**YOUR INSTRUCTIONS:**
Word for word, copy out the data below, omitting pictures.

**DATA EXTRACT:**

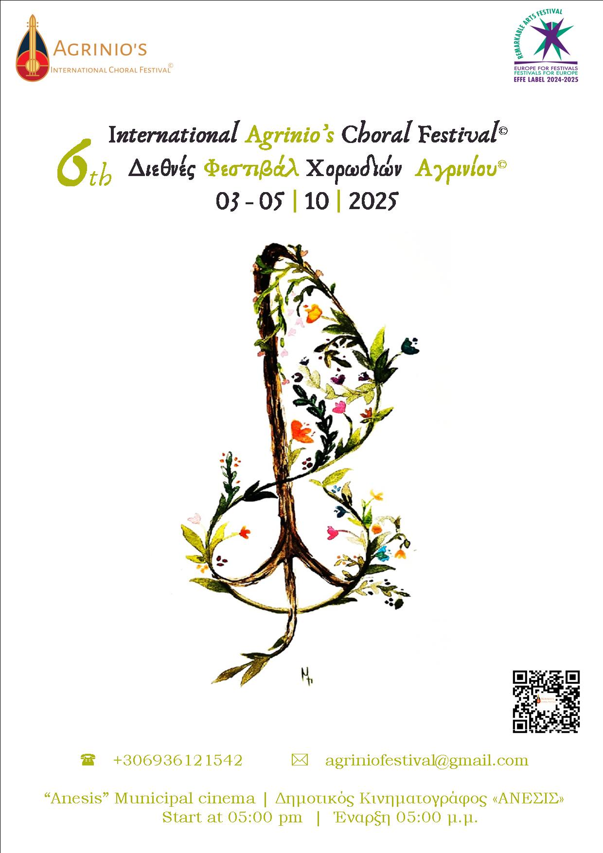 Επίσης ανακοινώθηκε ότι, και το 6ο Διεθνές Φεστιβάλ Χορωδιών Αγρινίου που θα διεξαχθεί το διάστημα 3, 4 & 5 Οκτωβρίου 2025 έχει και Ευρωπαϊκή αναγνώριση, αφού πληροί όλα τα κριτήρια του Ευρωπαϊκού οργανισμού European Festivals Association.
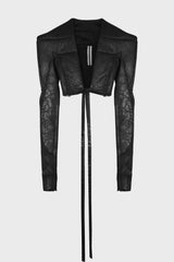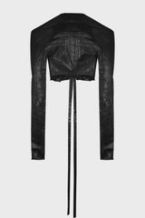 Tight jkt in black 13oz black megacrust from Rick Owens FW25 Concordians runway. This tight jkt is waist length. It is close-fitting, with long sleeves, and an open front that secures with a long tie that then wraps around the waist. It features structured, wide tatlin shoulders with a girdered shoulder seam, and yoke that is horizontal across the chest and descends down the arm, to finish in a blunt point at the elbow.
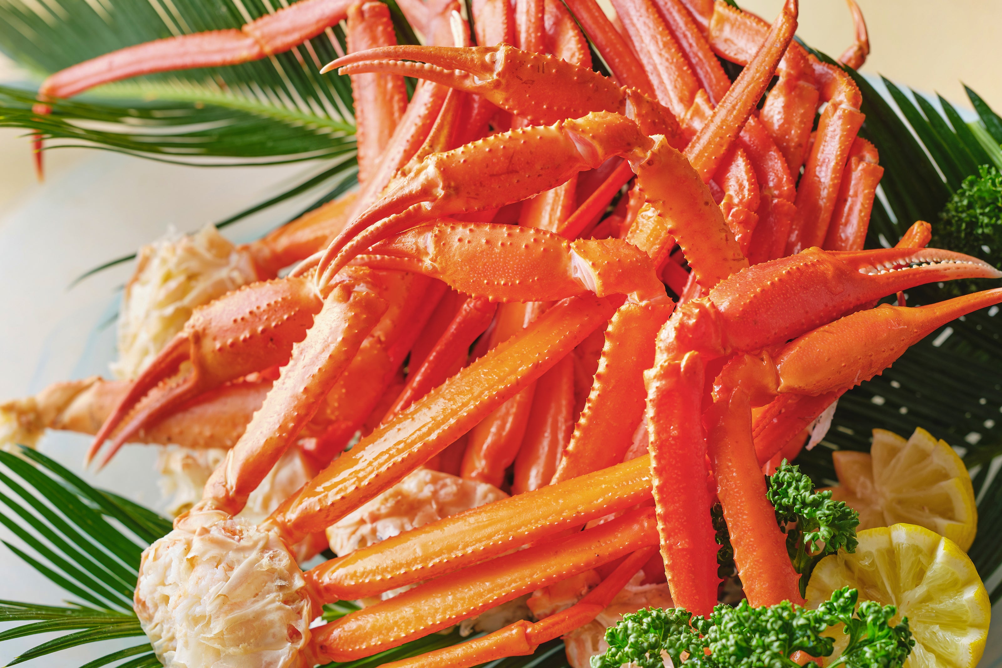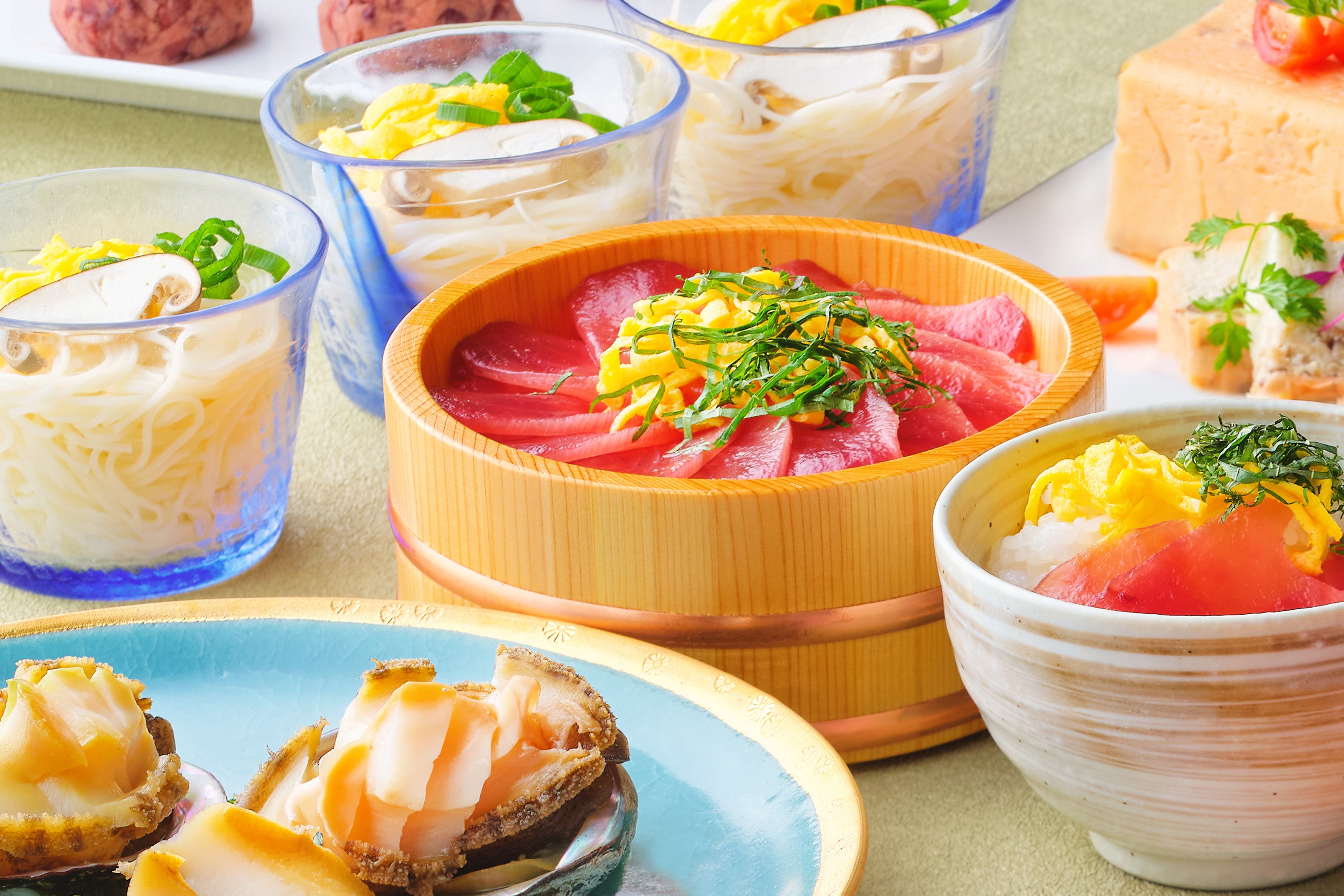牛ロース肉のステーキ トリュフ風味のソース / 北海道産ボイル蟹 / チキンとポークのグリエ / パテ ド カンパーニュ / スモークサーモン / 鯛の紅白道明寺蒸し みぞれおろし / 握り寿司 / 黒豆 / 紅白なます / 出し巻き玉子 など

**SOLUTION BELOW:**
 Επίσης ανακοινώθηκε ότι, και το 6ο Διεθνές Φεστιβάλ Χορωδιών Αγρινίου που θα διεξαχθεί το διάστημα 3, 4 & 5 Οκτωβρίου 2025 έχει και Ευρωπαϊκή αναγνώριση, αφού πληροί όλα τα κριτήρια του Ευρωπαϊκού οργανισμού European Festivals Association.
 Tight jkt in black 13oz black megacrust from Rick Owens FW25 Concordians runway. This tight jkt is waist length. It is close-fitting, with long sleeves, and an open front that secures with a long tie that then wraps around the waist. It features structured, wide tatlin shoulders with a girdered shoulder seam, and yoke that is horizontal across the chest and descends down the arm, to finish in a blunt point at the elbow.
牛ロース肉のステーキ トリュフ風味のソース / 北海道産ボイル蟹 / チキンとポークのグリエ / パテ ド カンパーニュ / スモークサーモン / 鯛の紅白道明寺蒸し みぞれおろし / 握り寿司 / 黒豆 / 紅白なます / 出し巻き玉子 など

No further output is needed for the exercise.